RNN: processes sequenctial data by maintaining internal hidden state that gets updated as it process each element in a sequence
- Hidden state: the internal memory that captures and maintains a summary of previous steps
- Hidden states have information decay and gradient tproblems due to the need to summarize past results
- Transformers have proved as a better alternative with self-attention allowing every position to the weighted against every other position, even in sequential data

CNN: process grid-like data exploiting spatial structue through local connectivity patterns and weight sharing

### Data Manipulation

One-hot encoding: converts catagorical data into a binary matrix

### Programming

MaxPooling -- downsampling operation reducing spacial dimensions of feature map by extracting the maximum value
- nn.MaxPooling(kernel_size=matrix size of extraction, stride=how far to move the window, padding, dilation=space between kernels)

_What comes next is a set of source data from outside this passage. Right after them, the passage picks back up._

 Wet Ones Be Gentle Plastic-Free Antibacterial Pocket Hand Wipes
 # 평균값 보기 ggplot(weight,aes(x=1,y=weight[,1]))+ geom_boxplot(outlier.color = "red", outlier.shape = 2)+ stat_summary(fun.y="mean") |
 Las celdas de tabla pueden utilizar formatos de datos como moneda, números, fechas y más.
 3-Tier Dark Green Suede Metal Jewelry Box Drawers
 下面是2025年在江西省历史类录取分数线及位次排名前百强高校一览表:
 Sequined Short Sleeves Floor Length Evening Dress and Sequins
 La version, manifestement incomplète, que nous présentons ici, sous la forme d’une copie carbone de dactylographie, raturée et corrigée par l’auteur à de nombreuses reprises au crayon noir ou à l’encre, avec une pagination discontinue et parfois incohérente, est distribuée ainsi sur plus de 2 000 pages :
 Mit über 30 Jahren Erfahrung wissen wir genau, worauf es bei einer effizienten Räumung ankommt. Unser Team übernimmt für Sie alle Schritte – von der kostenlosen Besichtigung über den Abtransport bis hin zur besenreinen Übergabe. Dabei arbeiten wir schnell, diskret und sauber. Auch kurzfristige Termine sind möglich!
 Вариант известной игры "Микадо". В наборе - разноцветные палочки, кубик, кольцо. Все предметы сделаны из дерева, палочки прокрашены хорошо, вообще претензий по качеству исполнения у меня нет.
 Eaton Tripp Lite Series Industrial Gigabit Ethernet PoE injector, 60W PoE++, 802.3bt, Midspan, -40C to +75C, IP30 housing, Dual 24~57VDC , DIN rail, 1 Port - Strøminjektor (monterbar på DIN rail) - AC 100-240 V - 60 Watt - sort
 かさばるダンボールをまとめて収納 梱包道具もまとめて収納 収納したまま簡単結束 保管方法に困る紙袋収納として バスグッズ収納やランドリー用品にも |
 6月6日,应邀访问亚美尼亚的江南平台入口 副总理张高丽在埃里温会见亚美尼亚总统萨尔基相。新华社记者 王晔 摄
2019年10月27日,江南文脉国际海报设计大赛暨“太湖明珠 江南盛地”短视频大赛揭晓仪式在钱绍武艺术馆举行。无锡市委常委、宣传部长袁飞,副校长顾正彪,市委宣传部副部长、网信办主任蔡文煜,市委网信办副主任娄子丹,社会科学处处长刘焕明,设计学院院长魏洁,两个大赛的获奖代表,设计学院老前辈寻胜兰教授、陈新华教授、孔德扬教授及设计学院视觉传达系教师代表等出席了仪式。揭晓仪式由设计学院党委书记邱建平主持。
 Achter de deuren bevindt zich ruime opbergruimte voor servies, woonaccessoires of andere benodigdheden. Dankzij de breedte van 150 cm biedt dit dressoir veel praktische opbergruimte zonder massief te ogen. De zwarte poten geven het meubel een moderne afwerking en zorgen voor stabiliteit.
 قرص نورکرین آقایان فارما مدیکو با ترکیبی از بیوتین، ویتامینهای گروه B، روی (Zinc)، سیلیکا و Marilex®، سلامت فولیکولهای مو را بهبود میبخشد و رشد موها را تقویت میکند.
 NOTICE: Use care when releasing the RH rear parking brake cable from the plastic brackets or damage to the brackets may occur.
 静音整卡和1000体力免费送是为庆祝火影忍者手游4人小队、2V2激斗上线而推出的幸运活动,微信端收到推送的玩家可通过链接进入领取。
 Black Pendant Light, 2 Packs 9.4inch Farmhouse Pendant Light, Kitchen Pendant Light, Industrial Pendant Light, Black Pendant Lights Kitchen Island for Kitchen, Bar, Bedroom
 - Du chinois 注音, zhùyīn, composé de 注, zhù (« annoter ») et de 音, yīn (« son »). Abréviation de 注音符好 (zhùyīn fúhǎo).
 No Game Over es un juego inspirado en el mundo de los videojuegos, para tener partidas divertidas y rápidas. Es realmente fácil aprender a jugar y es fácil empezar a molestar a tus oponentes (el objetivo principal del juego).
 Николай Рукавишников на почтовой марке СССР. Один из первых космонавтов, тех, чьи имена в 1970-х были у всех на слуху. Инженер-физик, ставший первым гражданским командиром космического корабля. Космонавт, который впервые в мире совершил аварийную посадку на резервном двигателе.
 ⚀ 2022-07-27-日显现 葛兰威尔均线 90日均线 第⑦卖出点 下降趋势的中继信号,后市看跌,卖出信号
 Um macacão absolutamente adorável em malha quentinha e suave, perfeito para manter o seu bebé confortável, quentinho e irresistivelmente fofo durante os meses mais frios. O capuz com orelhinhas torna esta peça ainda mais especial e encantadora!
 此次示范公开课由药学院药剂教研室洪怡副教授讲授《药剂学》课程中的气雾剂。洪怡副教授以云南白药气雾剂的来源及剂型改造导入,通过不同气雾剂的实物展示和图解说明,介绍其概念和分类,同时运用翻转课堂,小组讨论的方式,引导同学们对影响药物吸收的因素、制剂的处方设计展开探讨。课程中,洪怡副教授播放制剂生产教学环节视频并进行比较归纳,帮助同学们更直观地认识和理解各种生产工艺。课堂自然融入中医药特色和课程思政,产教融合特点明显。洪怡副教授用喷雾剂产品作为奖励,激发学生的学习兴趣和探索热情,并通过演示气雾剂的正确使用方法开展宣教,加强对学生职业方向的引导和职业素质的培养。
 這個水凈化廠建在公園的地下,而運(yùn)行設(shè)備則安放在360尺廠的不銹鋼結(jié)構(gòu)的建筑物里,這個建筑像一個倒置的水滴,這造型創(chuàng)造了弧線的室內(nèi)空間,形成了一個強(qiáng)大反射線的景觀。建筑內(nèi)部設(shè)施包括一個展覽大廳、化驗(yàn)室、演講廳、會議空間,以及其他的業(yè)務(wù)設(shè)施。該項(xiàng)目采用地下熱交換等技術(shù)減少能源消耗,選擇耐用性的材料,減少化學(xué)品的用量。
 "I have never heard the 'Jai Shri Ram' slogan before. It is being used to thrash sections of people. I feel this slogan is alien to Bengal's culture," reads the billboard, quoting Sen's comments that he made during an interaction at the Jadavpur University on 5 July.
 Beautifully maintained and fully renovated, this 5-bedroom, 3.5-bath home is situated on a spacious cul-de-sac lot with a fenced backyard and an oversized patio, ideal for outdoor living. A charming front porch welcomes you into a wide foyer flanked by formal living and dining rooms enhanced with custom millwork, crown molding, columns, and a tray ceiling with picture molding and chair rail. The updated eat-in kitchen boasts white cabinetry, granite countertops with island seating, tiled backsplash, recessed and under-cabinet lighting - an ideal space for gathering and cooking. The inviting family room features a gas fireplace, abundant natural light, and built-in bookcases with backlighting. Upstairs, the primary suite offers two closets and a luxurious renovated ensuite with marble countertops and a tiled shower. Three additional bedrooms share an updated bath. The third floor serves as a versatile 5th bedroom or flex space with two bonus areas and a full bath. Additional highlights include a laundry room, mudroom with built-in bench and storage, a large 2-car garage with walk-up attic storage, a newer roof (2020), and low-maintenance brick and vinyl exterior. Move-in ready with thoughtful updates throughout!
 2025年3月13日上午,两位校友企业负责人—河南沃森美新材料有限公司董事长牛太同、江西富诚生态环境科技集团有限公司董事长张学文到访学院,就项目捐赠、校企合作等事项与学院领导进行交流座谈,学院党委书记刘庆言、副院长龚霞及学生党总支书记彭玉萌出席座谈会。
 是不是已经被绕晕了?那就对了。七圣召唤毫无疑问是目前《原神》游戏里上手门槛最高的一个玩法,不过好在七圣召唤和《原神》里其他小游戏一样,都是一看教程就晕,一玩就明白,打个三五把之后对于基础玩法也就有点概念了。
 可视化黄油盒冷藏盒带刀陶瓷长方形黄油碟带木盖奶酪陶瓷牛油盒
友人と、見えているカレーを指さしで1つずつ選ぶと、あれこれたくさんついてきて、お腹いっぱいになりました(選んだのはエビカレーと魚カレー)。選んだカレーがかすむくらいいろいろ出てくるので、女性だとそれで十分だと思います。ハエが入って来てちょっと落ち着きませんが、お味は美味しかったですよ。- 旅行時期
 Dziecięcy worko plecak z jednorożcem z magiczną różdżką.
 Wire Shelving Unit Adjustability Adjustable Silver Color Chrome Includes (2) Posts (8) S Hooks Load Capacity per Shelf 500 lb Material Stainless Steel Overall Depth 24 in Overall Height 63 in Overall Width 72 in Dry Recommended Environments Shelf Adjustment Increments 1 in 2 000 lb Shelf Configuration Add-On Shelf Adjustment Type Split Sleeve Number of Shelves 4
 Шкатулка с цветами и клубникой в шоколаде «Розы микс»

Flatten -- converts multidimensional arrays into a single array: 7x7 → nn.Flatten() → 1x49

model = nn.Sequenctial() -- chains all sequences which is already imbedded with a feedforward system, as long as all the nn.Module functions are provided. The following rules are provided:

In [None]:
# ✗ Skip connections (ResNet-style)
class ResidualBlock(nn.Module):
    def forward(self, x):
        residual = x
        x = self.conv1(x)
        x = self.conv2(x)
        x = x + residual  # ← Can't do this in Sequential!
        return x

# ✗ Multiple inputs/outputs
class MultiPath(nn.Module):
    def forward(self, x1, x2):
        out1 = self.path1(x1)
        out2 = self.path2(x2)
        return out1, out2  # ← Sequential only handles single input→output

# ✗ Conditional logic
class Conditional(nn.Module):
    def forward(self, x, training):
        x = self.conv(x)
        if training:  # ← Can't have if-statements in Sequential
            x = self.dropout(x)
        return x

# ✗ Attention mechanisms (query, key, value from same input)
class Attention(nn.Module):
    def forward(self, x):
        q = self.query_proj(x)
        k = self.key_proj(x)    # ← Three branches from same input
        v = self.value_proj(x)  # Can't represent in Sequential
        return attention(q, k, v)

# ✓ Custom layers that fit the single-input, single-output pattern
class ComplexModel(nn.Module):
    def __init__(self):
        super().__init__()
        # Can use Sequential for sub-components
        self.encoder = nn.Sequential(
            nn.Linear(100, 50),
            nn.ReLU()
        )
        self.decoder = nn.Sequential(
            nn.Linear(50, 100),
            nn.ReLU()
        )
        self.skip_proj = nn.Linear(100, 100)
    
    def forward(self, x):
        identity = x
        x = self.encoder(x)
        x = self.decoder(x)
        skip = self.skip_proj(identity)
        return x + skip  # ← Custom logic in forward()

BatchNorm -- normalizes all features to have μ=0 & σ²=1 -- nn.BatchNorm2d/1d(num_features)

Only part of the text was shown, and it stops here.